I have spent quite some time searching around for solutions. Tutorials and Q&As like:

https://access.redhat.com/documentation/en-US/Red_Hat_Enterprise_Linux/6/html/Virtualization_Host_Configuration_and_Guest_Installation_Guide/sect-Virtualization_Host_Configuration_and_Guest_Installation_Guide-SR_IOV-How_SR_IOV_Libvirt_Works.html

https://community.mellanox.com/docs/DOC-1317

https://community.mellanox.com/docs/DOC-1484

are all very helpful. However, they primarily focus on how to create and pass Mellanox VFs to the guest, and stop right there. Unfortunately, although my guest can see the VF as a pci device, it failed on installing the driver. Here are some details:

 

Host: Intel Xeon CPU E5-2620 v3 @ 2.40GHz

         Debian 7

         Mellanox ConnectX-3 dual port

         Mellanox OFED driver v2.4-1.0.0.1

         VT-d and VT-x enabled in BIOS

         intel_iommu=on in kernel option

/etc/modprobe.d/mlx4_core.conf:

options mlx4_core port_type_array=2,2 num_vfs=4,4,0 probe_vf=4,4,0 enable_64b_cqe_eqe=0 log_num_mgm_entry_size=-1

I can see virtual functions created on host via "lspci -nn | grep Mellanox":

04:00.0 Ethernet controller [0200]: Mellanox Technologies MT27500 Family [ConnectX-3] [15b3:1003]

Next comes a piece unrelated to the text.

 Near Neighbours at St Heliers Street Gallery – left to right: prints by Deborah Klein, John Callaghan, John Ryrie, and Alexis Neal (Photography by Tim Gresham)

04:00.1 Ethernet controller [0200]: Mellanox Technologies MT27500 Family [ConnectX-3 Virtual Function] [15b3:1004]

04:00.2 Ethernet controller [0200]: Mellanox Technologies MT27500 Family [ConnectX-3 Virtual Function] [15b3:1004]

04:00.3 Ethernet controller [0200]: Mellanox Technologies MT27500 Family [ConnectX-3 Virtual Function] [15b3:1004]

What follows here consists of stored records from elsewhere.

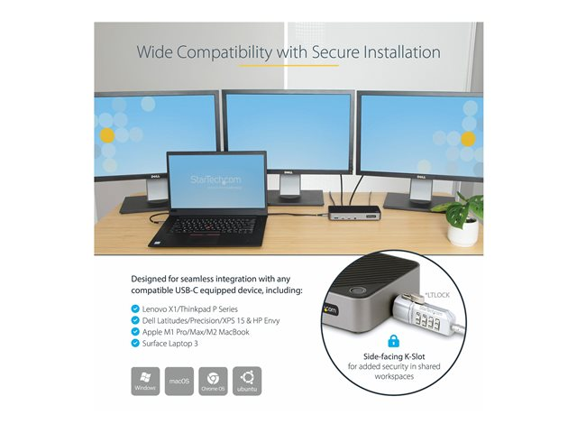 StarTech.com USB-C Triple Monitor Docking Station - HDMI/DP Triple 4k USB-C Dock - 5x USB Hub - GbE - 100W PD - Universal Multi Monitor Docking Station - Thunderbolt 3/4 Compatible (116E-USBC-DOCK) - dockningsstation - USB-C - 1GbE 116E-USBC-DOCK
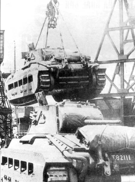 Погрузка танков «Матильда II» на судно, плывущее в СССР, 1942 год.
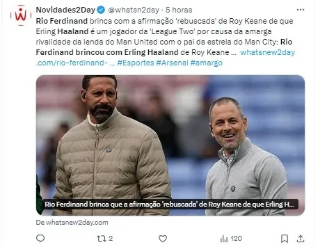 O ex-zagueiro do Manchester United e lenda do futebol inglês, Rio Ferdinand, abordou as recentes declarações de seu antigo companheiro nos Red Devils, Roy Keane, sobre Erling Haaland, do Manchester City.

04:00.4 Ethernet controller [0200]: Mellanox Technologies MT27500 Family [ConnectX-3 Virtual Function] [15b3:1004]

04:00.5 Ethernet controller [0200]: Mellanox Technologies MT27500 Family [ConnectX-3 Virtual Function] [15b3:1004]

04:00.6 Ethernet controller [0200]: Mellanox Technologies MT27500 Family [ConnectX-3 Virtual Function] [15b3:1004]

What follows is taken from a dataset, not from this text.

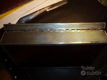 Porta sigarette / portagioie in argento 800 con interno in plastica effetto legno, cm.18 x 11 x 4.

04:00.7 Ethernet controller [0200]: Mellanox Technologies MT27500 Family [ConnectX-3 Virtual Function] [15b3:1004]

04:01.0 Ethernet controller [0200]: Mellanox Technologies MT27500 Family [ConnectX-3 Virtual Function] [15b3:1004]

 

I also enabled MSI-X on the host Mellanox card driver, as shown in "lspci -vv -s 04:00.0"

04:00.0 Ethernet controller: Mellanox Technologies MT27500 Family [ConnectX-3]

    Subsystem: Mellanox Technologies Device 0049

    Control: I/O- Mem+ BusMaster+ SpecCycle- MemWINV- VGASnoop- ParErr- Stepping- SERR- FastB2B- DisINTx+

    Status: Cap+ 66MHz- UDF- FastB2B- ParErr- DEVSEL=fast >TAbort- <TAbort- <MAbort- >SERR- <PERR- INTx-

    Latency: 0, Cache Line Size: 64 bytes

    Interrupt: pin A routed to IRQ 32

    Region 0: Memory at c7200000 (64-bit, non-prefetchable) [size=1M]

    Region 2: Memory at c5000000 (64-bit, prefetchable) [size=8M]

    Expansion ROM at c7100000 [disabled] [size=1M]

    Capabilities: [40] Power Management version 3

        Flags: PMEClk- DSI- D1- D2- AuxCurrent=0mA PME(D0-,D1-,D2-,D3hot-,D3cold-)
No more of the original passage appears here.